Jurgens v. Davenport, Rock Island & Northwestern Railway Co.

88 N.W.2d 797, 249 Iowa 711, 1958 Iowa Sup. LEXIS 440
CourtSupreme Court of Iowa
DecidedMarch 11, 1958
DocketNo. 49362
StatusPublished
Cited by29 cases

This text of 88 N.W.2d 797 (Jurgens v. Davenport, Rock Island & Northwestern Railway Co.) is published on Counsel Stack Legal Research, covering Supreme Court of Iowa primary law. Counsel Stack provides free access to over 12 million legal documents including statutes, case law, regulations, and constitutions.

Bluebook
Jurgens v. Davenport, Rock Island & Northwestern Railway Co., 88 N.W.2d 797, 249 Iowa 711, 1958 Iowa Sup. LEXIS 440 (iowa 1958).

Opinion

ThompsoN, J.

On March 17, 1954, the plaintiff was in the employ of Yogel Roofing Company and was at the time engaged in unloading roofing material from a boxcar located on a siding in Davenport. Employees of the defendant were engaged in switching on near-by tracks, and through some mistake permitted a string of three cars to enter the siding where plaintiff was at work. These cars struck the car in which plaintiff was employed, injuring him. No question is raised on this appeal as to the negligence of the defendant.
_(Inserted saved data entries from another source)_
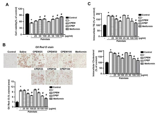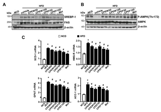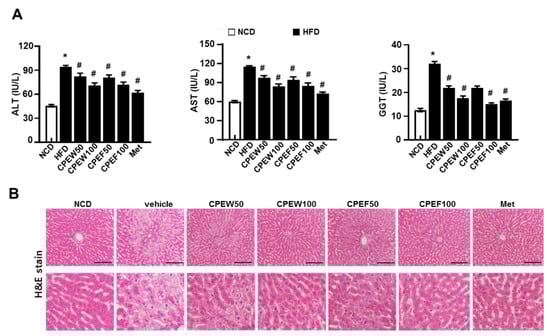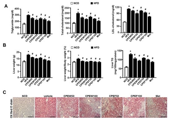 3.2. CPEW and CPEF Prevents HFD-Induced Hepatic Steatosis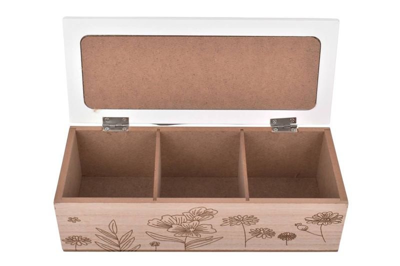 Caja Decorativa para Té blanca (24 cm) con 3 divisiones y diseño rústico de arpillera. Organiza tus infusiones con estilo. ¡Cómprala en Ferniplast.com!
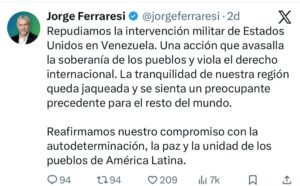 Jorge Ferraresi y reposteò el Twt de Axel Kicillof y afirmó: “Repudiamos la intervención militar de Estados Unidos en Venezuela. Una acción que avasalla la soberanía de los pueblos y viola el derecho internacional. La tranquilidad de nuestra región queda jaqueada y se sienta un preocupante precedente para el resto del mundo.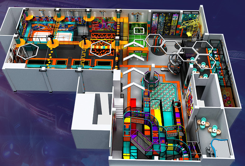 :專業蹦床、自由蹦床、走避墻、海洋球池,螺旋滑梯,波浪滑梯,互動投影,

The defendant assigns three errors relied upon for reversal. The first is that the court erred in refusing defendant’s Requested Instruction No. 3 and in giving its own Instruction No. 29 over defendant’s objection, and in denying Ground No. 9 of defendant’s motion for new trial. Involved in each of these rulings is the effect of a certain ordinance of the City of Davenport governing the conduct of policemen. The second assigned [714]*714error is that the verdict, in the sum of $12,124.38, was so excessive as to show passion and prejudice on the part of the jury; and the third error alleged is the refusal of the defendant’s request to call members of the trial jury for examination as to whether the verdict was in fact a quotient verdict. We shall discuss these in the order of 1, 3 and 2.

I. At the time of his injury the plaintiff was a member of the Davenport police force, under suspension for a reason not material to the issues here. His suspension ended on May 1, 1954, and the record shows that he immediately resumed his employment on the police force and had drawn full pay from the department from that date until the time of the trial. But he complained that he had before his injury and before his suspension worked during his off duty hours for the Vogel Roofing Company and other private employers for some years past, doing manual labor. Since the injury he testified he was unable to do heavy work that involved lifting, and found extreme difficulty in climbing steps. There is some evidence as to his earnings in these outside employments prior to the time of the accident.

It is the alleged loss of these potential earnings from employers other than the City of Davenport which raises the questions involved in Assigned Error No. 1 outlined above. At all material times there was in effect an ordinance of the City of Davenport which contains this provision: * * no member of the Police Department shall be allowed to perform any service for any private individuals, copartnership or corporations nor shall any such member receive any compensation from any source other than herein provided. * * It is the meaning, extent and legality of this part of section 7 (d) of Ordinance No. 43 which has greatly engaged the efforts of counsel for the contending parties here. Rulings of the court in regard to it are the basis of all of defendant’s complaints in its first assigned error.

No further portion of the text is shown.